The iPhone 7 takes the title of the "coolest" thing Apple introduced in 2016, but only by default — amid a slew of rumors about huge revisions to both the iPhone and Mac (and even talk of an Apple car), a September event ultimately revealed a relatively minor update in the form of the iPhone 7.
Though the new iPhone release didn't hurt Apple's financials — the company posted a Q4 revenue of $46.9 billion, largely driven by iPhone sales — most of the press centered around the unpopular choice to ditch the standard headphone jack in favor of consolidating with the charging port. As September's special event keynote approaches, Apple fans are hoping that 2016 was just the calm before the storm.
Though Apple's June 2017 special event has come and gone — highlights included a revised watchOS for Apple Watch and the HomePod, a Siri-equipped competitor to Amazon's Alexa — all eyes are on September, when the world expects the company to reveal the iPhone 8. From CNET to Macworld, many sources are speculating that Apple's next phone will be its biggest milestone since the first model.
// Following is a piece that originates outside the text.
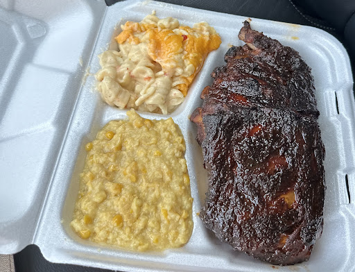 Read moreWow, these folks saw bbq as a challenge and said YES. I swung by today on my way home just to see why I saw so many people getting grubs from this truck in the middle of the blazing hot summer and now I certainly understand. I got the rib plate with a side of Mac and corn chowder, and let me just say this bbq was an experience. Truly divine. Perfectly smoky, sweet and savory. The ribs tender with the perfect bite and that delicious bark smoked to perfection. The cornbread was so uniquely delicious. I can’t even describe it. It’s like it lived with sweet potato crunch for a few years and learned how to speak its sweet potato language while still tossing its corn roots vernacular on the side. My dog was so jealous, he stuck his big hound nose in the trash and ran away with the saucy napkin. I gave him a bite, of course. Definitely will hit this place up again as many times as my waistline will allow for. Stretchy pants...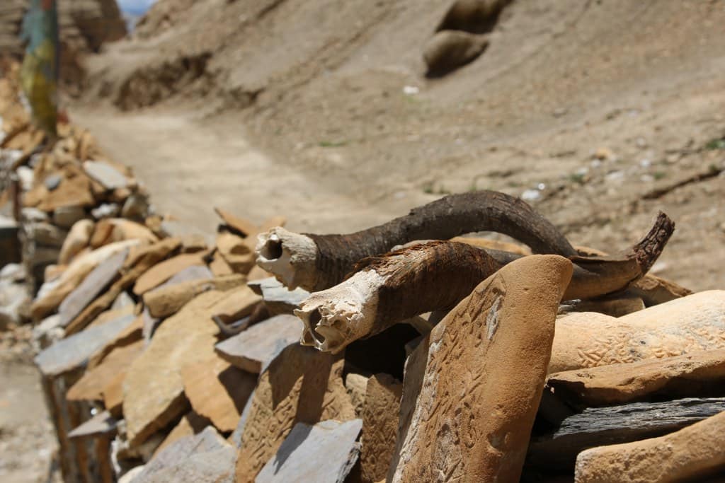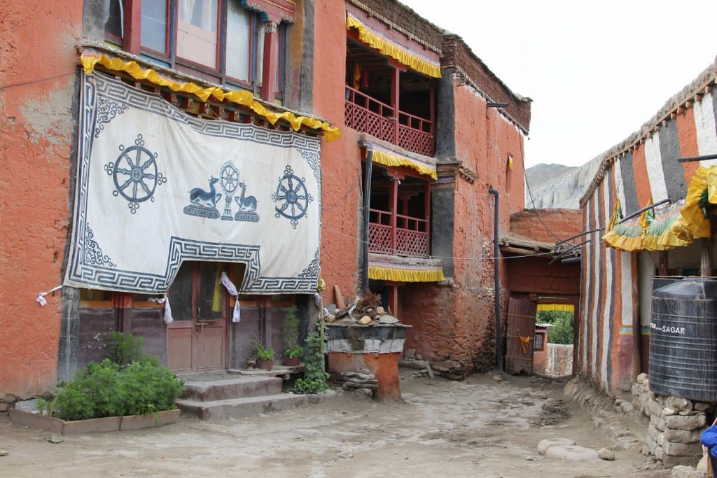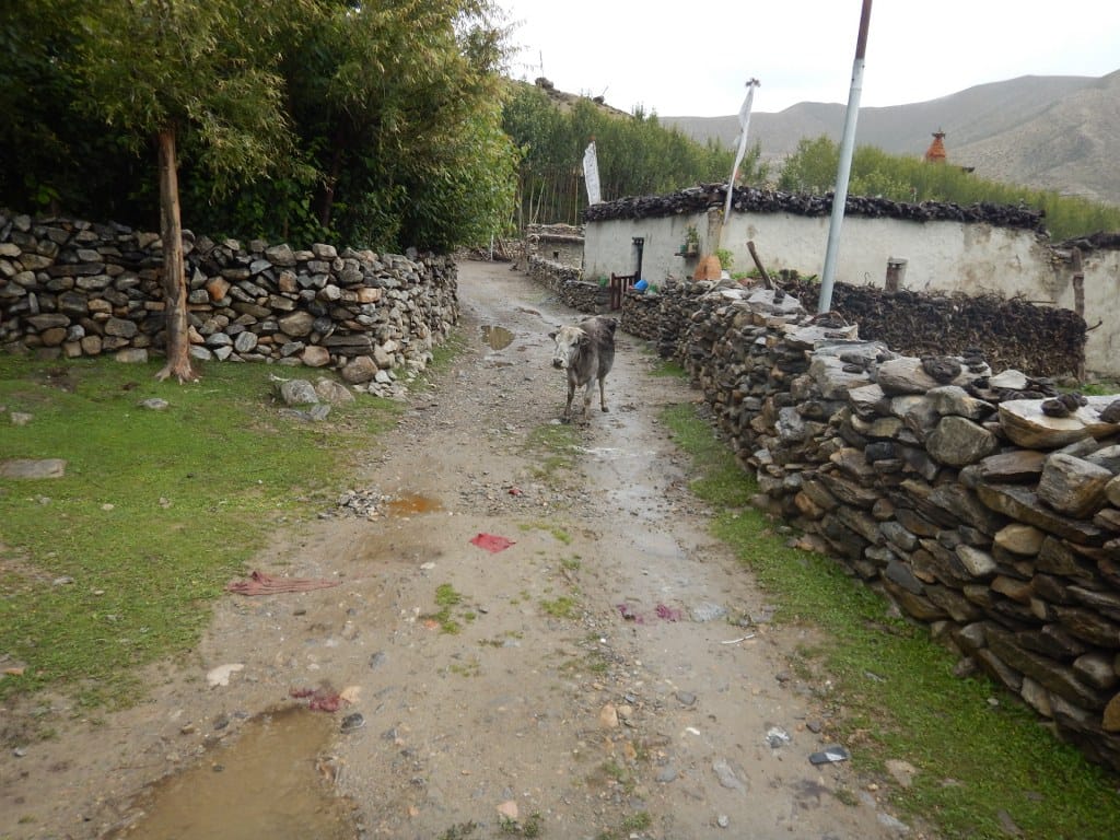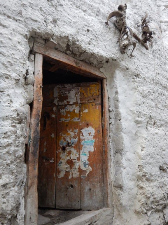 31 juli: Goedemorgen Chhusang! Ontbijt om 07.00 uur met een heerlijke havermout met appeltjes, noemen ze hier Porridge.Tegen de klok van 08.00 uur gaan we van start met onze route naar Syangmochen. We lopen door Chhusang weer de wijde wereld van Mustang in. Mensen hangen een ossekop bij de deur om de geesten weg te houden.

Some experts even believe that it won't be called the iPhone 8, to denote a more significant revision.
Rumored features include an OLED display, wireless charging, advanced augmented-reality sensors and 3D face recognition tech — along with a $1,000-plus price tag that targets the power user. Since the event will occur at 10 a.m. PDT on Sept. 12, you won't have to wait very long to find out if Apple's next big keynote introduces us to another iPhone 7 or to the next revolution in smartphones.